The example covers ten scenarios:
- Codebase metrics: component counts, total nodes and edges, cycle and cross-dependency flags
- Cycle check: confirms the project is cycle-free (
HasCycles: False) - Topological order: full ordered component list from
OrderedComponents - Mermaid diagram: scoped to the Dependencies subsystem (8 classes) — directly renderable in VS Code, GitHub, and MkDocs
- Graphviz DOT diagram: scoped to Collectors + Core + Dependencies (~17 classes) with edge-type annotations — visualize at viz-js.com
- Drill-down traversal: dependency tree of
PSScriptBuilderBuildOrchestrator, inheritance subtree ofPSScriptBuilderCollectorBase(-EdgeType Inheritance), all dependents ofPSScriptBuilderDependencyGraph - Top 5 components: ranked by transitive dependency count
- Inheritance hierarchy: flat table of all
Class → BaseClassrelationships plus per-root tree rendering
See the Dependency Analysis Guide for a detailed explanation of the analysis cmdlets.

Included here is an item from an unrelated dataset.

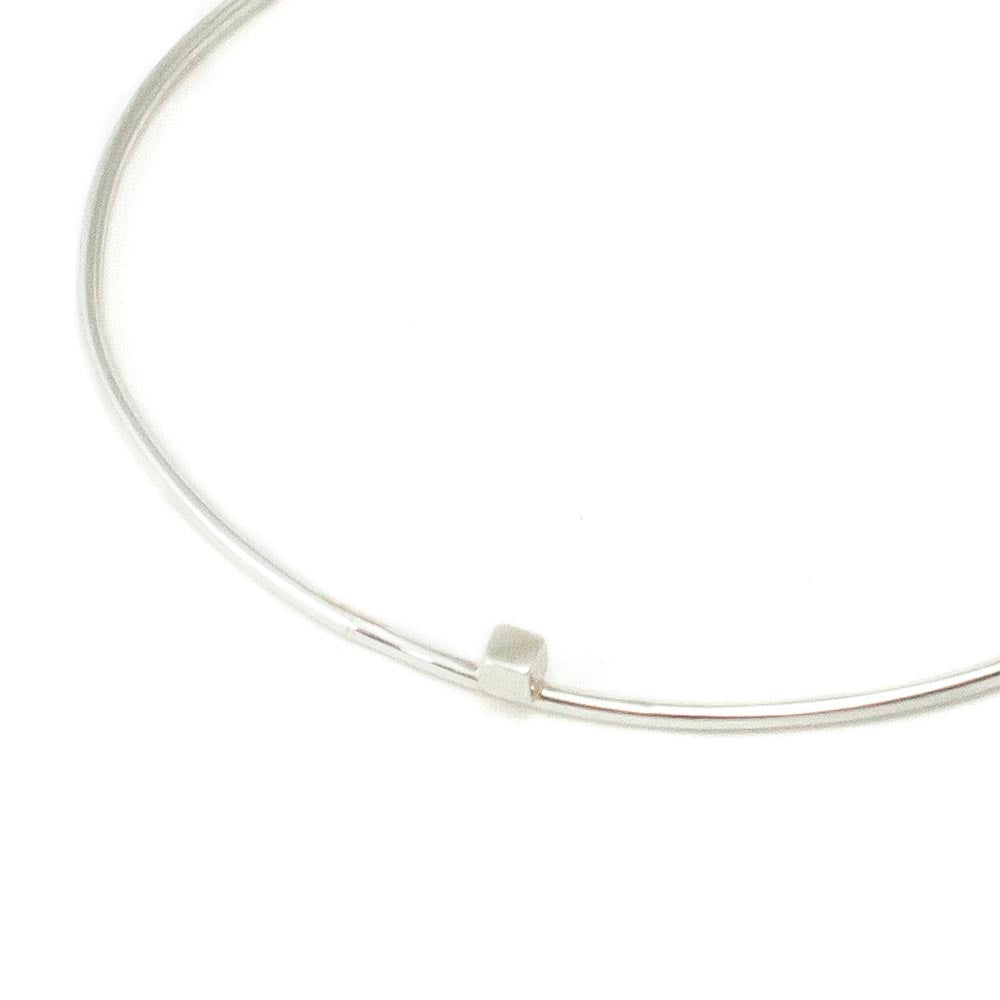 Elegant oval bangle with BLOCK detail. The cube is 3mm squared and set off centre. This delicate piece compliments the rest of the BLOCK collection.

examples/13-dependency-analysis
14 - Scaffolding¶
Starts with an empty folder and runs the full workflow in five phases: scaffold, set root, bump version, apply version to files, build.
New-PSScriptBuilderProject creates the complete project structure including source directories,
configuration file, build and release scripts, template, sample source files, and release
management files. Set-PSScriptBuilderProjectRoot then points all subsequent cmdlets to the
correctly scaffolded directory before the remaining phases execute.
Phases:
- Scaffold —
New-PSScriptBuilderProject -IncludeReleaseManagementcreates the full project tree including sample files - Set root —
Set-PSScriptBuilderProjectRootexplicitly registers the new project path - Release data —
Update-PSScriptBuilderReleaseData -Patch -UpdateBuildDetailsbumps the patch version - Bump files —
Update-PSScriptBuilderBumpFileswrites version and timestamp into the template header - Build —
Invoke-PSScriptBuilderBuildcollects sample components and produces the output file - Run — executes the generated script to verify the result end-to-end
The MyProject/ subdirectory is removed and recreated on each run — no separate reset step needed.